The Death of Impulse and the Rise of the MMO
GameStop is shuttling the "Impulse Driven" service which is their own brand of digital PC distribution and is instead refocusing on retail, allowing for digital sells of various CD-key oriented games and doubling up on retail boxes. This is sort of actually big news for the gaming market for a few reasons.
First, this absolutely reaffirms Steam's position as the dominant go to place too buy games. Unless you have Valve's Wal-Mart like ability to discount games you're going to be knocked right out of the market. GreenManGaming routinely has 20% off sales and almost rarely requires the use of its own unique digital distribution platform, which is a great sign of how much of a fight they put up to remain relevant.
Second, GameStop's new PC landing page is predominately MMO. There are nineteen blocks "above the fold" (fancy language for the part of the web page that you see before scrolling). Of these nineteen blocks, ten of them contain MMOs (counting D3). In addition, the entire background of the page is Wildstar, affirming that MMOs are a big deal.
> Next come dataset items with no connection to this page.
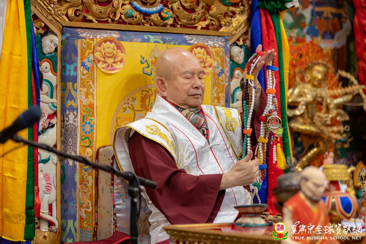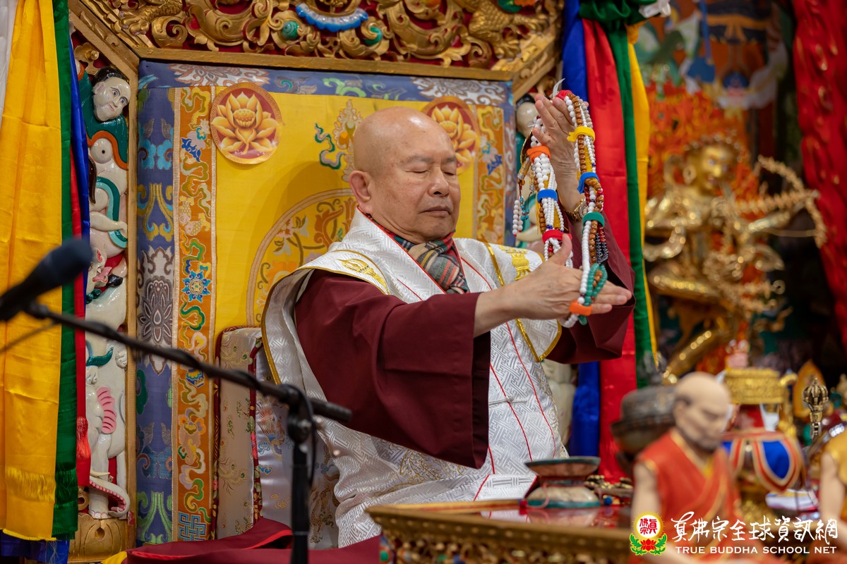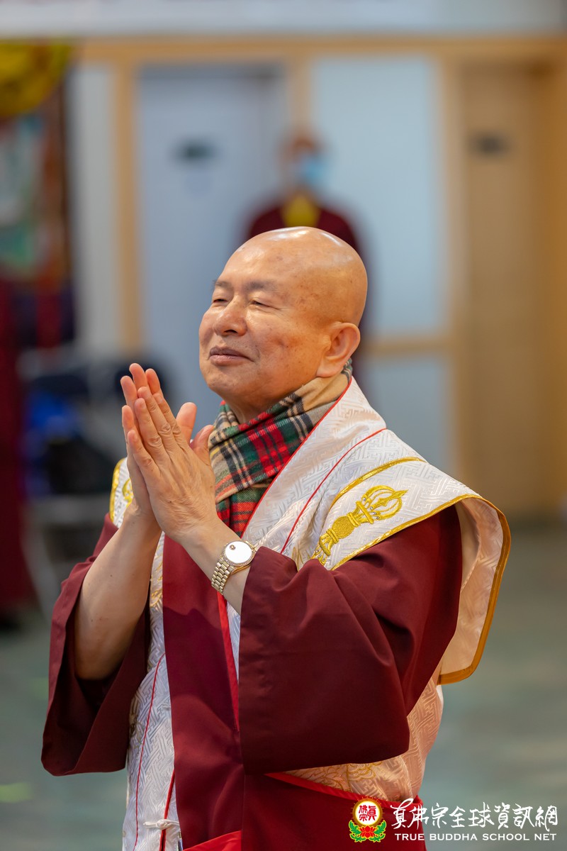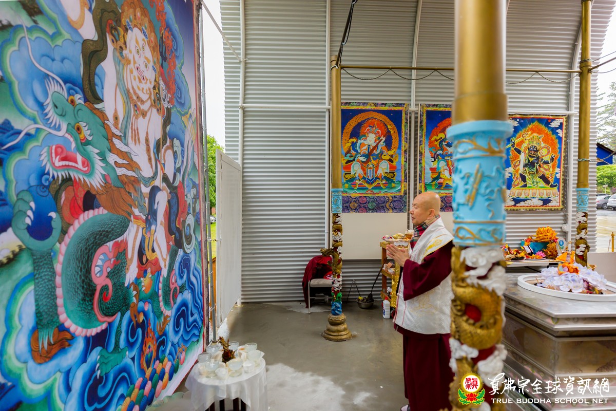 2021年6月13日下午, 美國真佛宗西雅圖彩虹雷藏寺恭請根本上師蓮生活佛主壇騎龍白財神護摩法會。
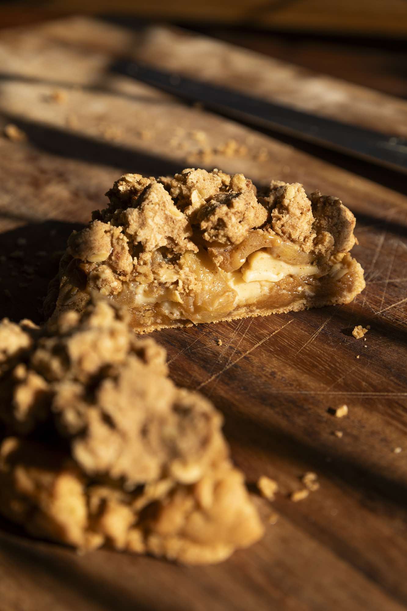 Honouring my Nanna's apple crumble this cookie is a nostalgic twist on the classic dessert. A spiced brown butter oat dough filled with baked nutmeg custard, stewed apples & miso caramel. Topped off with a cinnamon baked crumble.
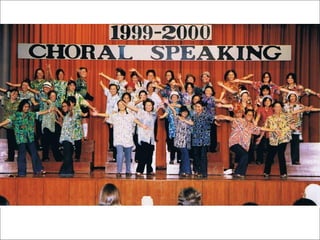 The document outlines essential considerations for training students in choral speaking, including understanding the poet's intention, identifying shifts in mood, and recognizing important lines and their beginnings and endings. It emphasizes the variation of pitch, pace, and volume for impactful delivery, as well as the significance of calculated student movements and costume choices during performances. Additionally, it addresses potential challenges faced by teachers and students, highlighting the educational benefits of engaging in this art form.
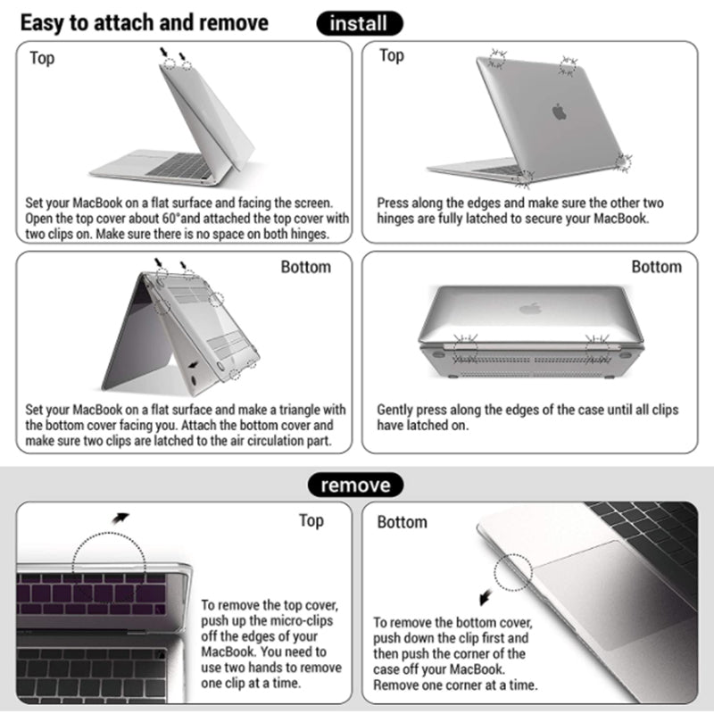 Access to all Ports: Case Design lets you Open/Close your MacBook all the way and Access to all Ports.*Crafted with vent slots to ensure proper heat dissipation.
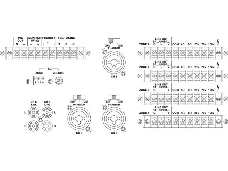 | Connections | 3 x combo 6.3 mm/XLR (mic/line), 2 x RCA L/R (line), screw terminal (mix out), screw contacts (paging), screw contacts (priority), 3.5 mm stereo jack (headphones), screw contacts (speaker zone), screw contacts (monitor speakers) |
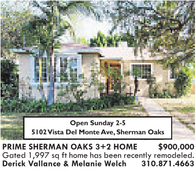 PRIME SHERMAN OAKS 3+2 HOME $900,000 Gated 1,997 sq ft home has been recently remodeled. Derick Vallance &Melanie Welch 310.871.4663
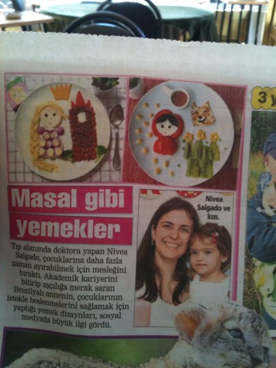No dia seguinte, recebi a mensagem de uma brasileira que ouviu falar sobre os pratinhos em uma rádio local de Milão (gente, o mundo virou um ovo e eu não sabia!). E logo depois, recebi a foto de uma mãe turca, mostrando que as imagens também haviam saído em um jornal de Istambul (é muito engraçado ver sua foto do outro lado do planeta, com palavras cujo significado você não passa nem perto de saber! Santo Google e seu tradutor!).
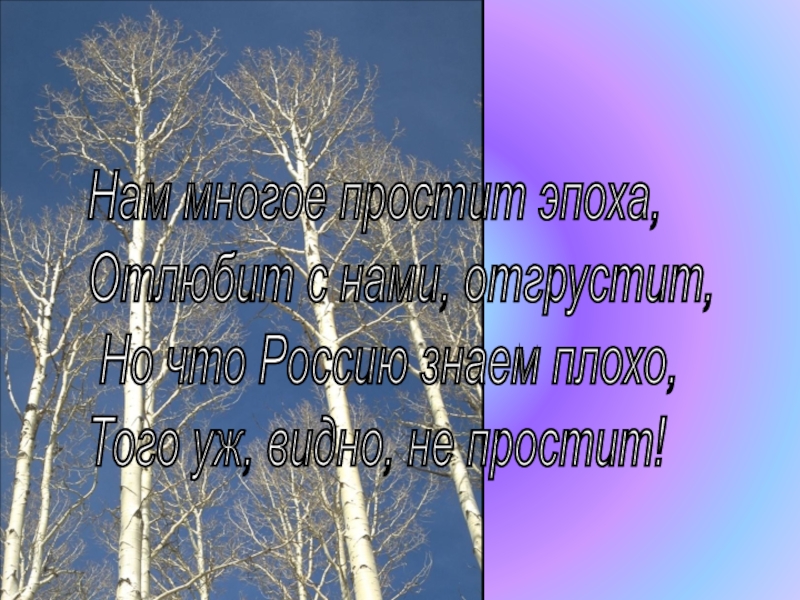 Нам многое простит эпоха,  Отлюбит с нами, отгрустит,   Но что Россию знаем плохо,
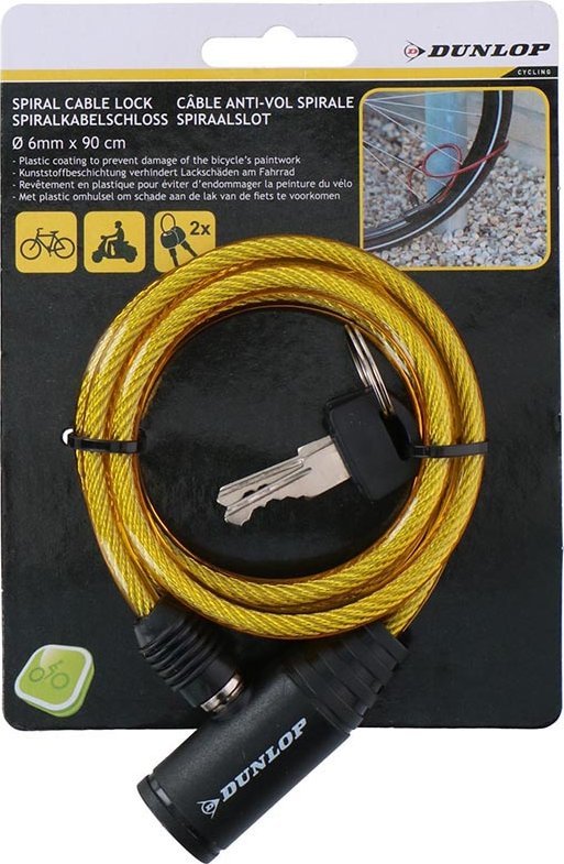 Dunlop Dunlop - Σπιράλ κλειδαριά ποδηλάτου με κλειδί 90 cm (Κίτρινο)
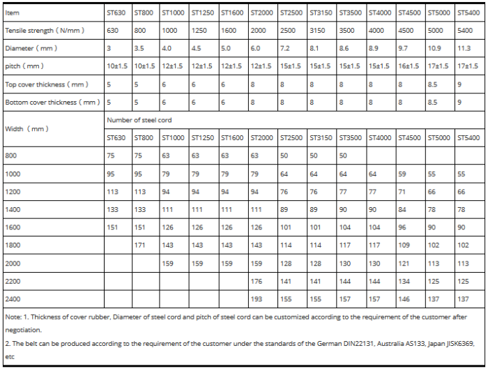 Technical data: The steel cord conveying belt has the general used, high abrasion, cold-resistant and flame-retardant according to the using requirement and the performance of the cover rubber.
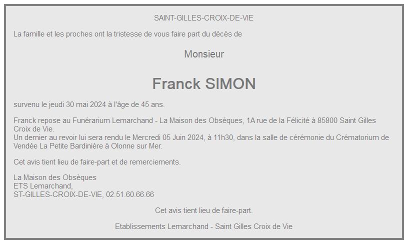 Cet espace « condoléances » est dédié à la mémoire de Monsieur Franck SIMON.
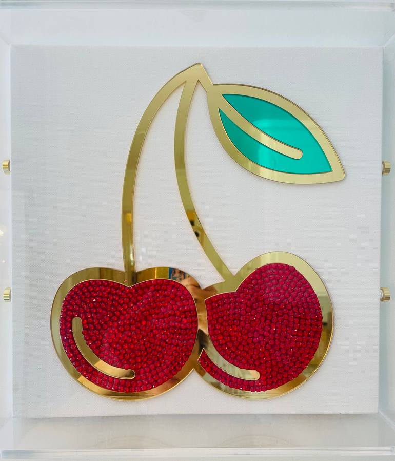 "Very Cherry" is a 3D mixed media Pop Art piece by California-based artist Flannery Good. It was created to celebrate and elevate that quintessential summertime fruit - the cherry! *Laser cut acrylic red cherries outlined in gold with mirrored green leaf *Over 1,000 genuine Swarovski crystals *Ga...
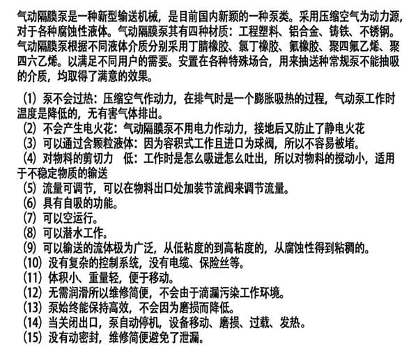 結構材質:鋁合金、鑄鐵、316不銹鋼、耐蝕鎳基合金、聚丙烯,聚偏二氟乙烯、碳充乙縮醛,特氟龍。
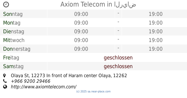 | Samstag | geschlossen | |||||
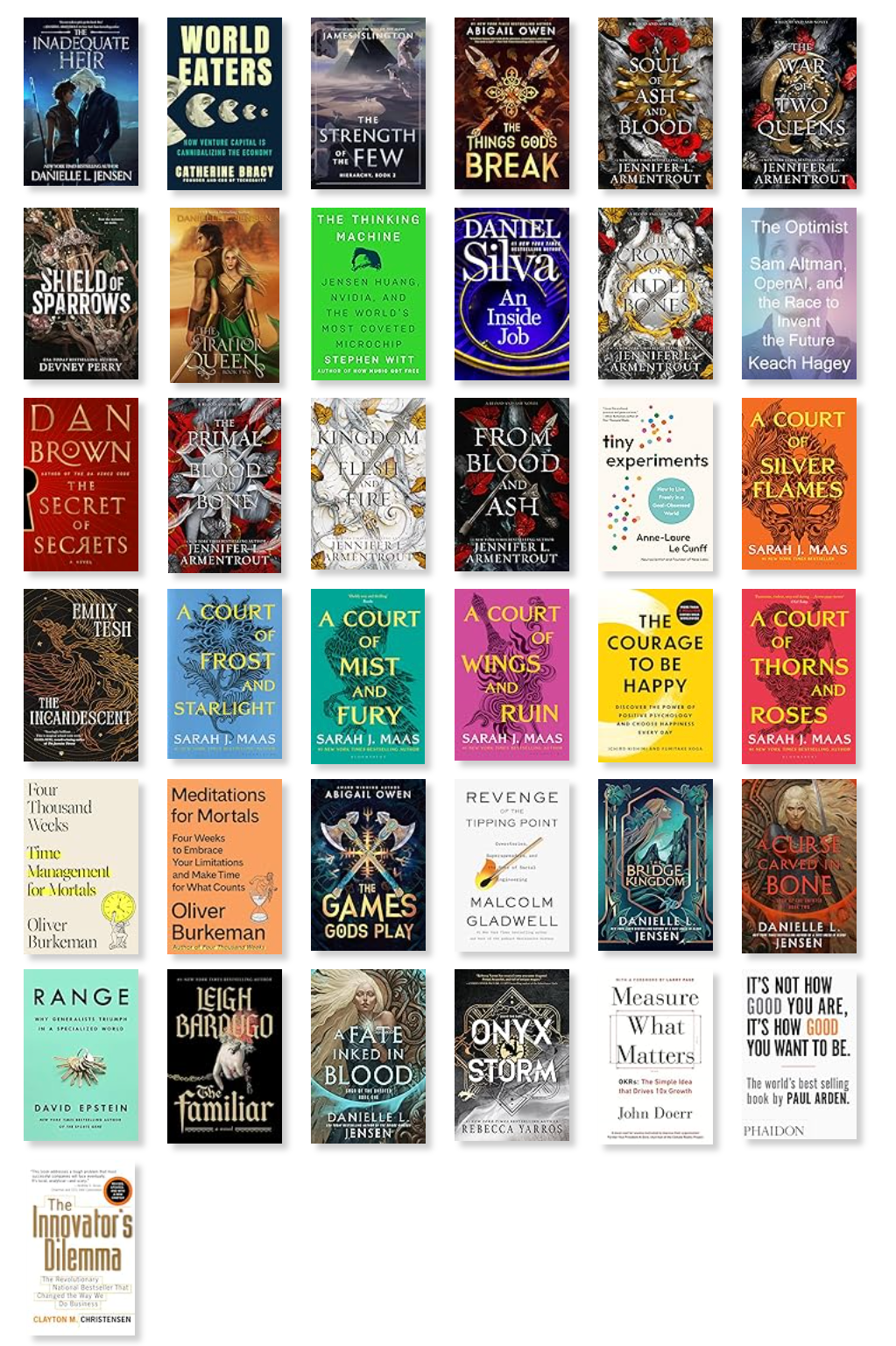 "2025 has been a year of sprawling empires, divine power struggles, and deep dives into the mechanics of our modern world. My reading list this year spanned 37 books, taking me from the dragon-filled skies of the Empyrean to the high-stakes boardrooms of Silicon Valley. Whether I was exploring the philosophy of time management or the intricate politics of faerie courts, each book offered a new lens through which to view the world. Below is a breakdown of my journey through fiction and non-fiction this year."
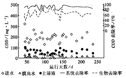 图2为原水、生物反应池上清液和膜过滤出水的COD变化情况以及系统各部分对COD 的去除效果。
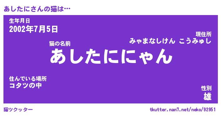| 意味不明あだ名 | 『ペロリンあしたに』『永久保存あしたに』 |
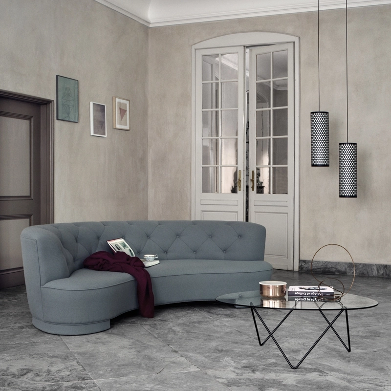 En 1955, l'architecte fonctionnaliste Barba Corsini rénove le bâtiment « La Pedrera » à Barcelone d'Antoni Gaudi, et réalise le mobilier destiné aux appartements dont une série de luminaires et une table basse. Editée par Gubi, la table basse Pedrera est composée d'une base en acier sur laquelle repose un plateau en verre et qui reprend la forme de la base des lampes. La table basse est à la fois robuste et légère visuellement par sa conception. La table basse Pedrera de Gubi apporte complète élégamment le salon avec une touche graphique.
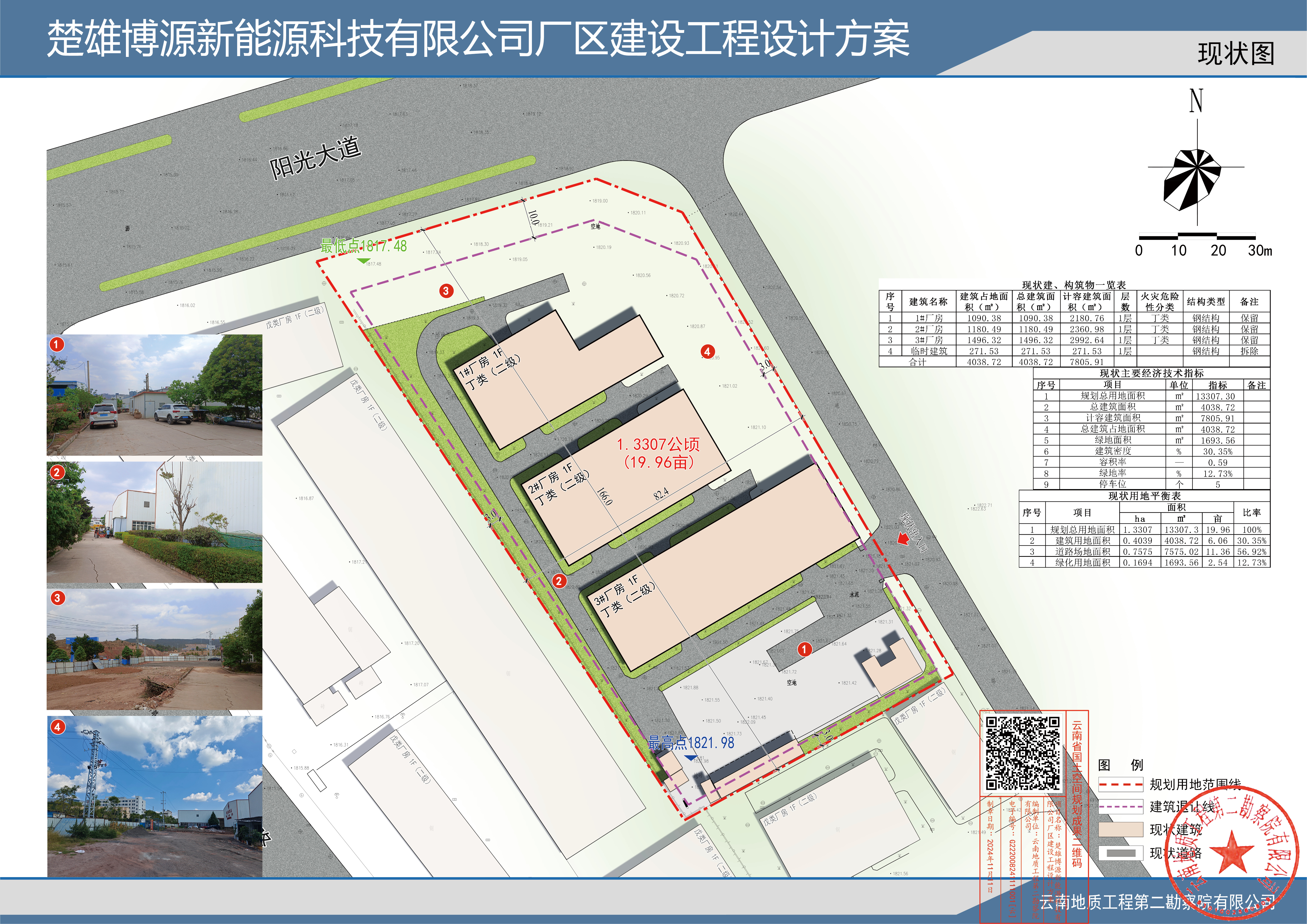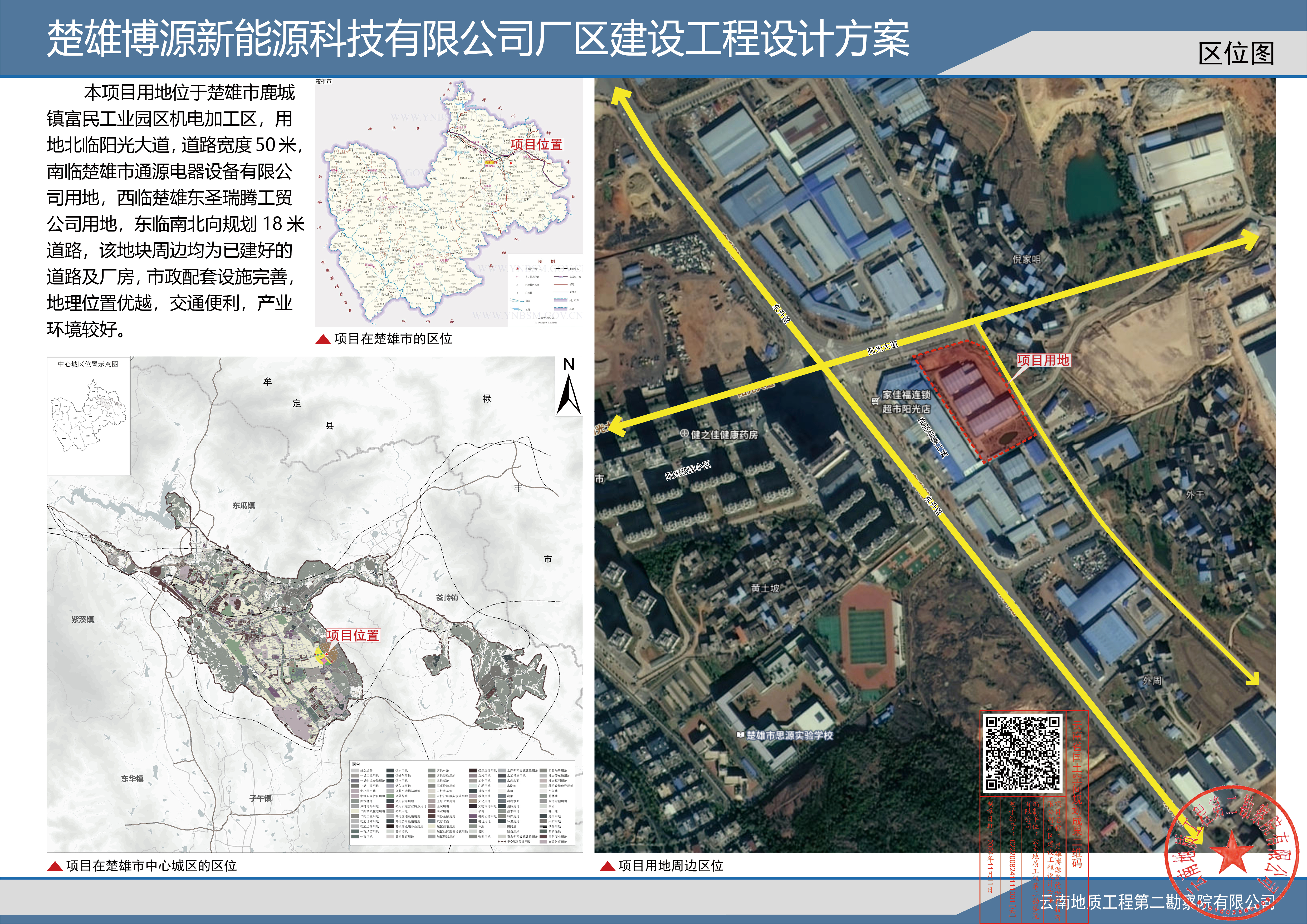 项目简介:楚雄博源新能源科技有限公司厂区建设项目用地位于楚雄工业园富民庄甸工业区富民片区,地块东临规划道路,南临通源电气设备有限公司用地,西临楚雄东圣瑞腾工贸公司用地,北临阳光大道,规划用地面积约19.96亩。现为满足发展需求,楚雄博源新能源科技有限公司提出在保持已建部分不变,且经济技术指标满足相关规范要求的前提下,对厂区规划进行优化调整。

Digital distribution is best left to Steam and MMOs are strong, stronger this quarter than many of the previous ones. Even more interesting is the fact that as broadband gets stronger and more prevalent, brick & mortar stores become less enticing. Not to mention a laundry list of issues right now in the used game market.
The Death of Impulse
Impulse's issue was that GameStop forced customers to use their application to download games. Now, I didn't go through the process, but my understanding is that you had to run the app even for Steam games. I don't believe this and I think it's hearsay, perhaps in the early days. However, I do know that for all other games that didn't use outside DRM you had to use Impulse.
What's happening now is that the product is folding and GameStop is returning back to just being a digital game retail outlet and not specifically a retail game distributor. There is a kind of a difference here. In one way GameStop acts as the DRM and in the other, they just sell games. Impulse's DRM was very light, mostly required to install and update games, but otherwise it was a fine product.
So why close shop? Because, there is more money in just selling a key then there is to also developing a product that people don't specifically like. With this move, players can rejoice in not needing third-party software to install their game unless it's on Steam or Origin or UPlay or etc.
The Rise of MMOs
The second subject is that in the new portal, MMOs just outright dominate. They take not only the advertising space but also the strongest spaces in the web portal. If we count D3, they're totally dominating, and if we count online games then boy oh boy.
This isn't just a GameStop thing, Steam is inundated with MMOs, especially in their free-to-play category. MMOs are stronger than ever and it totally make sense that in an industry that is mostly online games that the digital distribution application isn't the way to go.
That's my two cents on the subject, at least.